Common Pitfalls of Interpolation

Interpolation can be a somewhat controversial topic.

While it is often correct and provides a continuous visualization of the data that would not otherwise be possible, it can also be misleading, due to either sample bias or actual distribution not accounted for in the model.  As theory and reality often differ.

One of Safecast’s primary goals is to present data as wholly and accurately as possible.  Thus, both actual measurement point and interpolation layers are provided.

With only an interpolation layer alone, it is often unclear what actual data was measured and what is being predicted.  This can lead to errors in assumption of safety or risk.

Why Performance Matters

Traditionally, interpolation is slow.  In old versions of the iOS app, the bundled interpolation took over a week of compute time to generate.  (For the webmap, it takes several hours.)

Eventually, the app gained the ability to update the Safecast dataset on-demand.  This created issues for the bundled interpolations.  They were already outdated when the app was released, and became progressively more so as time went on.

Nothing was found to produce interpolations quickly enough, or in a format the app could digest without significant conversion overhead.  Even so, interpolations would be a significantly larger download than the points.

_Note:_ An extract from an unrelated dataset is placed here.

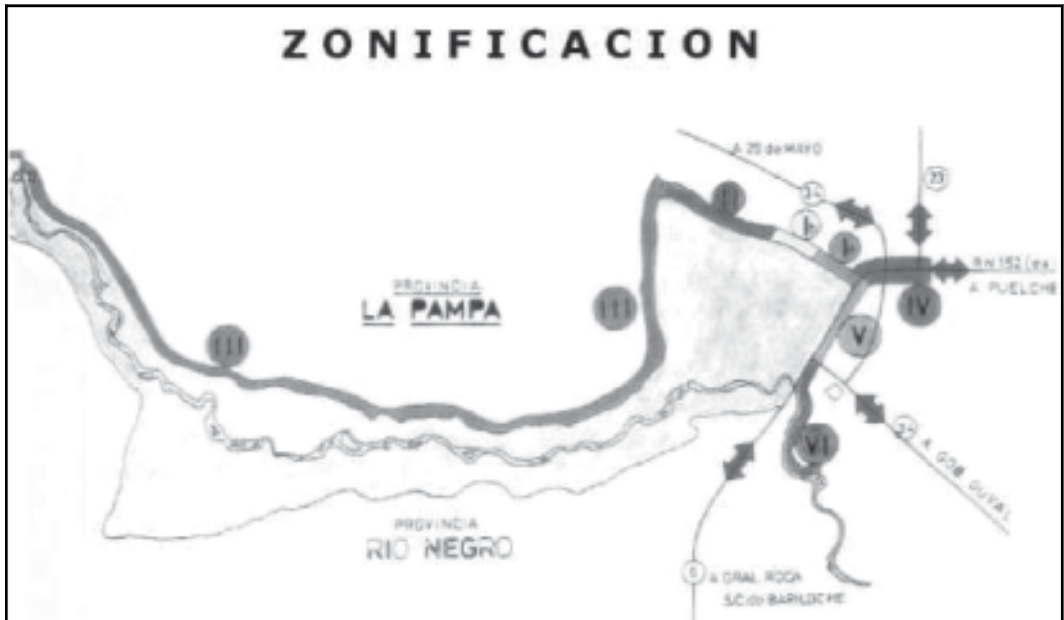
Fig. 4 - Villa Casa de Piedra. Referencias:

Something different was needed.  As the app had all the data necessary to perform the interpolation, it kept coming down to performance.  But no known implementation was fast enough to complete on a mobile device in a reasonable timeframe.

Was it possible to go a step beyond existing implementations, and make the performance fast enough, even real-time?  Fortunately, it was.

And that fast, real-time interpolation solved many problems for the frequently updated Safecast dataset.

The performance also gave the user more power and control, turning a process taking at least several hours into something interactive.

The Present and the Future

In the current iOS and OS X apps, real-time IDW (inverse distance weighting) interpolation is implemented as a custom layer preprocessing effect.  This is to our knowledge the first real-time spatial interpolation implementation anywhere.

In the upcoming version of the app, further improvements have been made which result in performance improvements of up to an order of magnitude.  This allows for higher-quality interpolations and/or reduced energy consumption on mobile devices.



Contents:

 

  1. Image: Measurements vs. Interpolation
  2. Image: Enabling IDW in the Safecast app for OS X
  3. Introduction
    1. What is Interpolation?
    2. Common Pitfalls of Interpolation
    3. Why Performance Matters
    4. The Present and the Future
  4. Contents
  5. Current Interpolation Methodology
    1. First Real-Time Spatial Interpolation
    2. Hybrid Interpolation: IDW and Lanczos
    3. Neighborhood Selection: Not Doing the Same Work Twice
  6. New Improvements: Next Version
    1. Register Optimizations
    2. Single-Pass Computation
    3. Tile Decomposition
    4. Database Connection Pool
    5. Common Code and Readability / Maintenance
    6. Dynamic Search Neighborhood Improvements
    7. Export to PNG Performance Improvements
  7. Future Improvements: Beyond the Next Version
  8. Conclusion
  9. Images: Performance vs. Quality
  10. Source Code: Core Numerics
    1. Single Pass Source
    2. Two-Pass Source


Current Interpolation Methodology:


First Real-Time Spatial Interpolation Implementation

Real-time performance is a tradeoff of resolution and artifacts for rendering performance.  While implemented in hand-optimized SIMD intrinsics and multithreaded, the primary factor enabling such high performance is controlling the problem set size and keeping it small enough to fit into fast L1 or L2 cache.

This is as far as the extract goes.